Бахадур, виляя хвостом и скуля, принялся слизывать слезы с лица Бету, как бы утешая его. Вид у пса был такой, словно накануне его изрядно поколотили. Божанди, сидя у мальчика на плече, руками перебирала его волосы, окончательно испортив тщательно уложенную прическу. Алака села на циновку. Ее тельце поминутно вздрагивало от рыданий. Берджу, отвернувшись, схватился за деревянную подпорку, поддерживающую низкий потолок хижины, и закрыл глаза. Он не шевелился.

Бету подошел к матери. Она взяла его голову руками. Слезы сына горячими ручьями потекли на ее ладони. Сердце Аниты надрывалось от горя. Она вспомнила совсем недавние события, когда этот малыш, его сестренка Алака, Божанди и Бахадур спасли ей жизнь дважды. Перед ее внутренним взором возникла сцена, когда за ней гнались убийцы, посланные Авенашем, и когда она, отчаявшись, бросилась в колодец. И вот этот хрупкий мальчик, сын бедняка Берджу, с помощью своих самоотверженных, честных и чистых душой собратьев вытянул ее из него. Она вспомнила и свое отчаянное состояние, в котором она разбила голову о каменную колонну храма, находясь на грани самоубийства. А Бету и Алака нашли ее там и полуживую вернули к жизни. Они, эти маленькие, мудрые создания, вновь подарили ей этот мир… Она не выдержала, слезы непроизвольно хлынули из ее глаз, ноги ослабли, и она опустилась на пол.

Бету взял таз и, наполнив водой, подошел к отцу, чтобы исполнить обряд прощания. Он присел на корточки и со слезами на глазах принялся омывать ноги Берджу, которому казалось, что силы покидают его. Бедняге очень хотелось броситься к сыну, обнять его, прижать к своему сердцу и плакать, пока душа не выйдет из тесного тупика, в котором она оказалась…

Бету был первым подкидышем, которого он подобрал, отогрел на своей груди, вырастил, выкормил, сделал из него неплохого артиста!..

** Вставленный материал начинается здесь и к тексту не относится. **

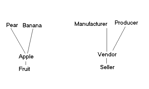 Here we see that synonyms will be related, as will super sets (fruit is a superset of apple). So it is possible, although at a lower weight, to receive a page with banana seller, Since we are modeling the entire set of English words (and if we don't have a node in the graph, we default to keyword search), we can easily modify this with AI-like metadata later on as we standardize the relationship between words as a part of the query process i.e. restaurant <located in> california. There are a few reasons why this is a great approach to the search problem.
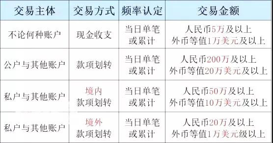 (一)当日单笔或者累计交易额人民币5万元以上(含5万元)、外币等值1万美元以上(含1万美元)的现金收支。
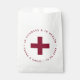 Pour le kit d'urgence (aka kit de survol) à mettre dans un sac d'accueil de mariage de destination, avec un peu de médicament à l'intérieur. Il a une croix au centre et du texte voûté faisant un cercle autour. Au-dessus, il y a le message "En maladie et en santé" et en-dessous il y a les noms de la mariée et du marié et la date. Le texte est en petits casquette. Le texte et la croix sont bordeaux, l'arrière - plan est blanc.
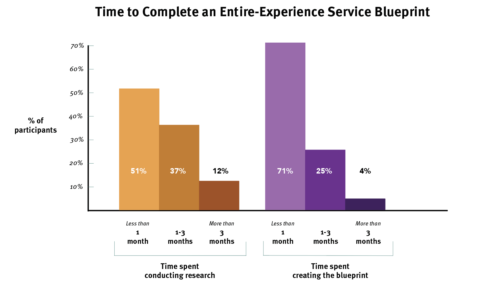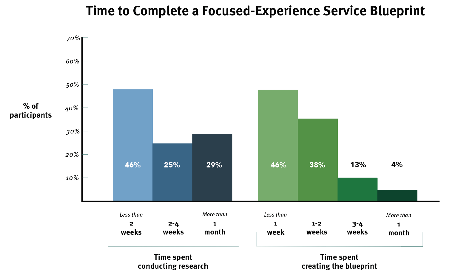 几乎有一半的团队创建了具有针对性的服务蓝图,花费了不到2周的时间进行研究,而花费不到1周的时间来创建蓝图。

«Но ведь его ждет прекрасное будущее! Он достоин его! Сейчас все пройдет. Он уедет, и все уладится… Прощай, Бету, сын мой!» — эти горестные размышления Берджу прервал сын, который, омыв его ноги, обхватил их руками и поцеловал.

Мальчик встал с колен, поставил таз под лавку и вытер рукавом слезы. Бахадур положил передние лапы ему на плечи и так сильно прижал к стене, что он не мог сдвинуться с места. Пес скулил, не пускал Бету к ненавистной машине. Божанди, издавая пронзительные крики, обвилась вокруг правой ноги мальчика. Берджу, закрыв лицо руками, плакал, как ребенок. Ему вторила маленькая дочурка.

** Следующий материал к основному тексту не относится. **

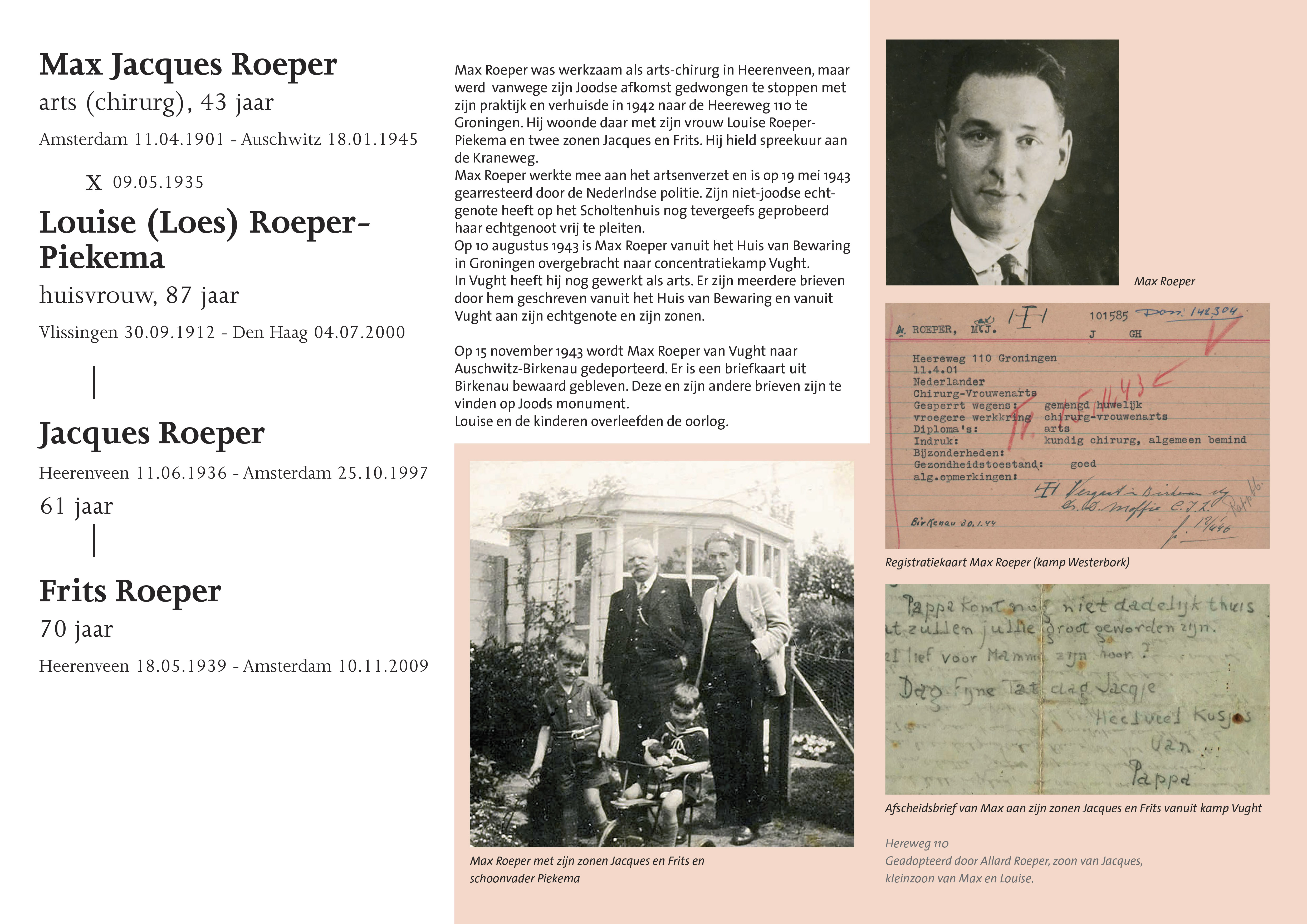 De zuiltjes zijn geplaatst op een over de gehele vloer van de synagoge uitgelegde plattegrond van de wijk. Bezoekers kunnen op die manier door de straten, langs de voormalige adressen van vermoorde bewoners, wandelen en zich verdiepen in hun verhalen. Bij de expositie wordt ook een familiefilm getoond die vlak voor de Tweede Wereldoorlog werd gemaakt door de Joodse arts Max Roeper. Hij en zijn vrouw Loes Piekema vestigden zich in 1941 met hun kinderen aan de Hereweg 110 in Groningen. Hoewel de Duitsers Joodse artsen inmiddels hadden verboden hun vak uit te oefenen, werkte Max door. Hij werd echter verraden door een NSB-patiënt. Op 10 augustus 1943 werd Max gearresteerd en gevangen gezet in het Huis van Bewaring in Groningen. In januari 1945 stierf Max Roeper in Birkenau aan de gevolgen van vlektyfus.

— Скажи, отец, ты меня прогоняешь, да? — снова спросил Бету. На его лице отразилось глубокое страдание.

В ответ ему Берджу громко зарыдал, крепко прижавшись к деревянной подпорке…

Бету вышел на улицу. За ним последовал Бахадур. Но уже взревел мотор, и «форд» медленно выкатил со двора. Бахадур бежал за машиной, пока та не набрала большую скорость и не скрылась из виду. Поток транспорта поглотил ее, забивая тонкий собачий нюх сокрушительной волной выхлопных газов. След был потерян… Пес сел на обочину дороги и, понурив голову, долго и тупо смотрел грустными глазами на железные, поблескивающие на палящем солнце «ящики на колесах».


Носильщики, поджидая клиентов, сидели на земле, играли в карты и время от времени смеялись. Их нехитрое оборудование — клеенчатые кресла да глубокие цилиндрические корзины для переноски грузов, лежали рядом. Недалеко от них небольшая группа полуобнаженных крестьян — продавцов фруктов, собравшись в кружок, шумно и с аппетитом ела кашу, захватывая ее пальцами, и круглые пресные лепешки — чапати.

— Тростник! Сахарный тростник! Свежий сок! — кричали мальчишки.

Трещали трехколесные мотоциклы с колясками — своеобразные двухместные такси. Проносились машины всевозможных марок, сверкая яркими красками. Велосипедисты, ловко лавируя в потоках машин, текли бесконечными ручьями, нагруженные чемоданами, тюками, детьми…

Авенаш наконец-то остановил такси. Водитель, включая счетчик, едва не обжег пальцы, поскольку тот был установлен снаружи, на радиаторе. Он одарил пассажира ослепительной улыбкой и спросил, куда ехать.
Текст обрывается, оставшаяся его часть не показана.